» **Your goal**: Once the pictures are set aside, transcribe each line of the data exactly.

Input data section start

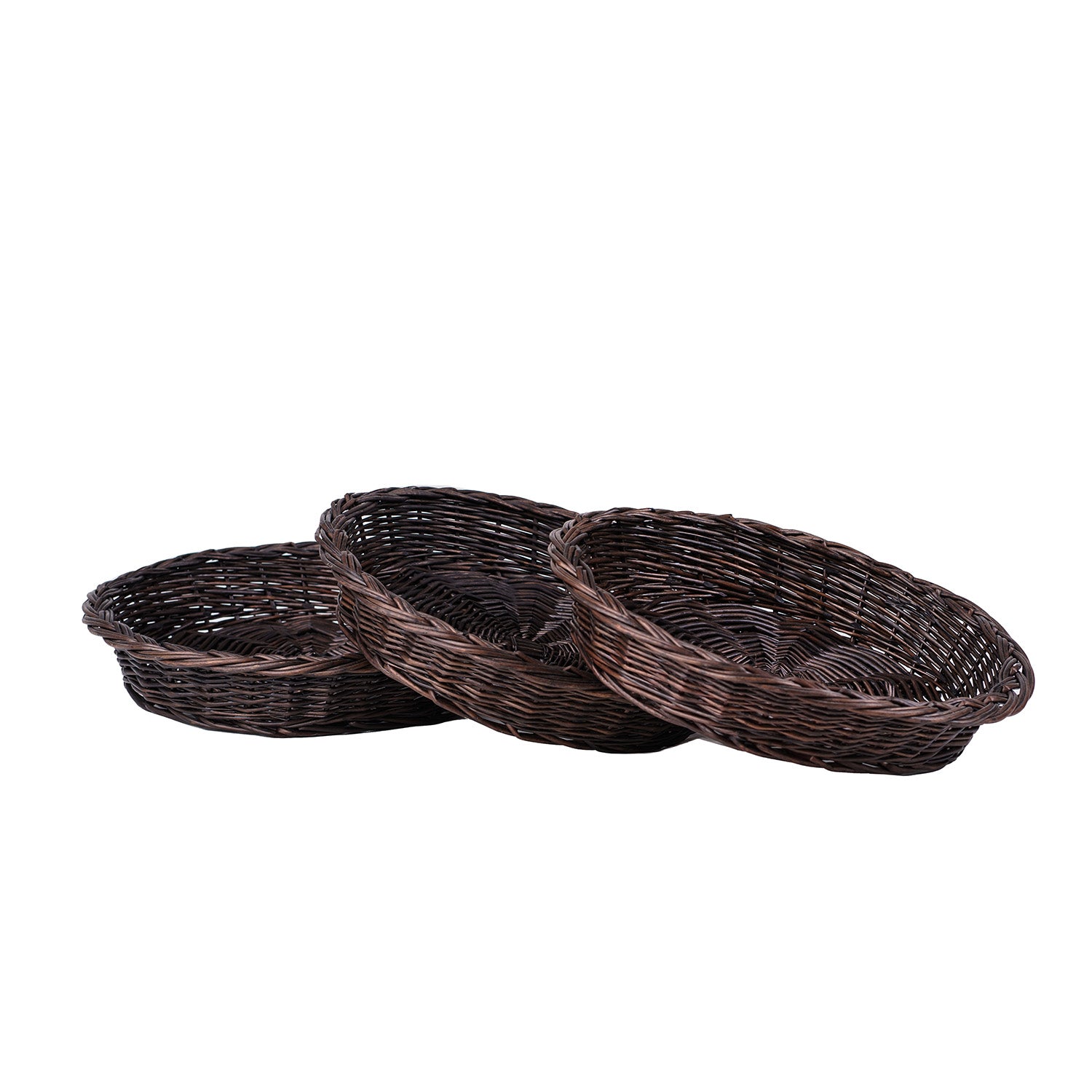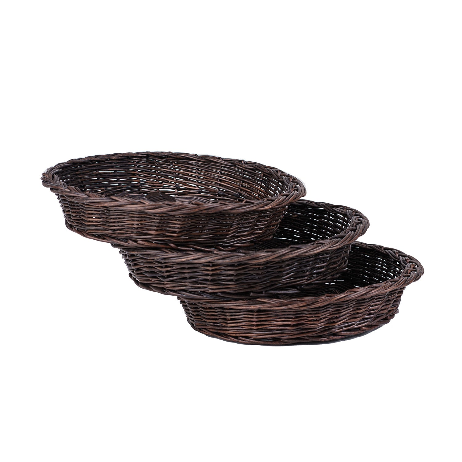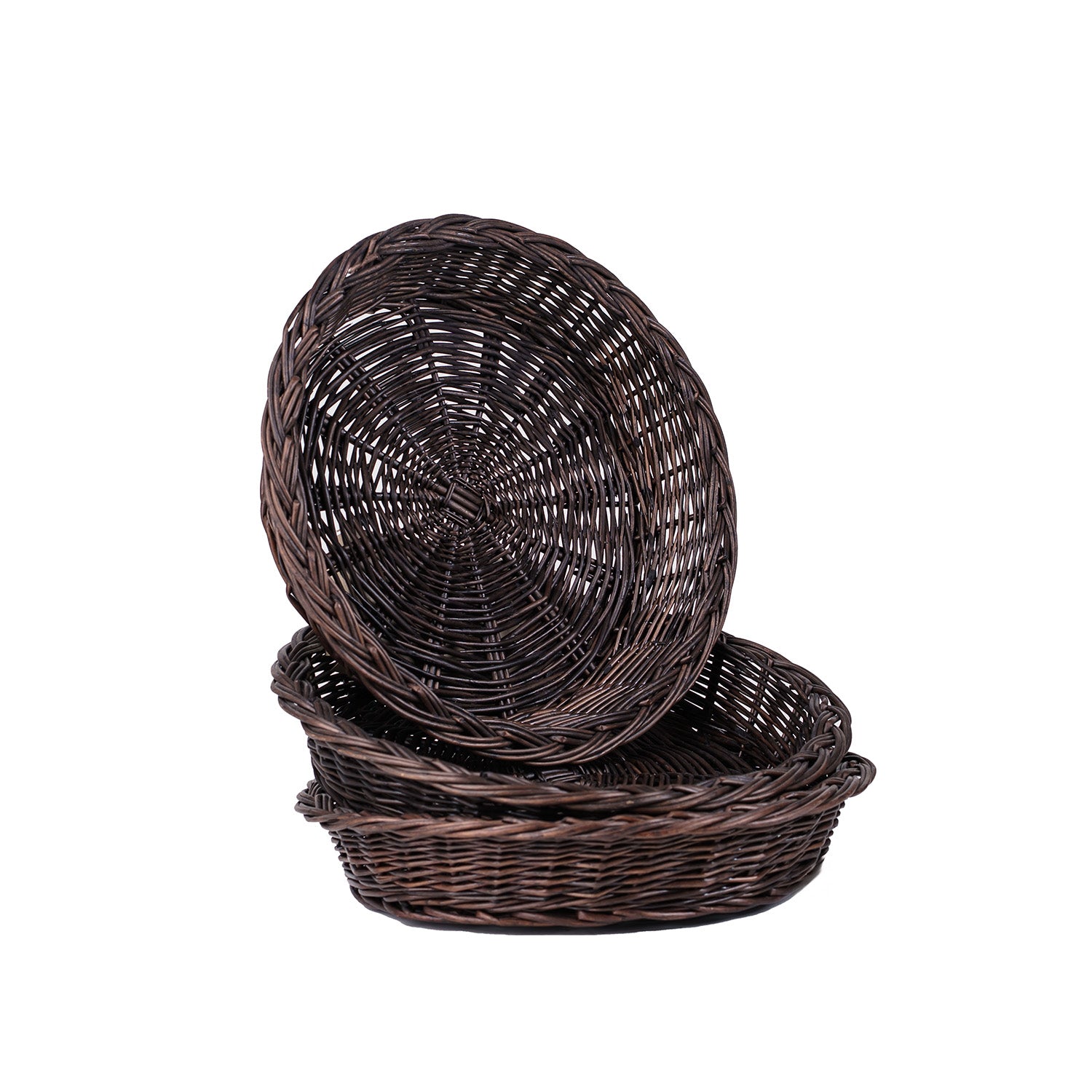 Zestaw trzech okrągłych koszyków wiklinowych w kolorze ciemnego brązu powstał z myślą o estetycznym serwowaniu pieczywa. Mają niskie ścianki, otwartą formę i płaski, stabilny spód, dzięki czemu wygodnie sięga się po bułki i rogaliki. Równy, staranny splot prezentuje się schludnie na ladzie i stole bufetowym. Zaokrąglony rant jest przyjemny w dotyku i wygląda elegancko.
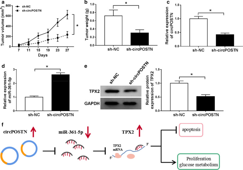Fig. 9. Silencing of circPOSTN repressed glioma tumor growth in vivo. a, b Tumor volume and weight were presented. c, d The expression levels of circPOSTN and miR-361-5p in dissected tumor tissues were estimated with RT-qPCR assay. e Western blot assay was executed to test protein level of TPX2 in dissected tumor tissues. f The diagrammatic representation of our conclusion was shown. *Pâ<â0.05 |
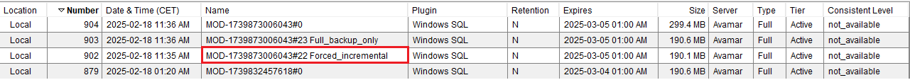 In comparison with on demand backup, we can see the label name with force incremental:

Input data section end

» **Exercise answer**:
 Zestaw trzech okrągłych koszyków wiklinowych w kolorze ciemnego brązu powstał z myślą o estetycznym serwowaniu pieczywa. Mają niskie ścianki, otwartą formę i płaski, stabilny spód, dzięki czemu wygodnie sięga się po bułki i rogaliki. Równy, staranny splot prezentuje się schludnie na ladzie i stole bufetowym. Zaokrąglony rant jest przyjemny w dotyku i wygląda elegancko.
Fig. 9. Silencing of circPOSTN repressed glioma tumor growth in vivo. a, b Tumor volume and weight were presented. c, d The expression levels of circPOSTN and miR-361-5p in dissected tumor tissues were estimated with RT-qPCR assay. e Western blot assay was executed to test protein level of TPX2 in dissected tumor tissues. f The diagrammatic representation of our conclusion was shown. *Pâ<â0.05 |
 In comparison with on demand backup, we can see the label name with force incremental:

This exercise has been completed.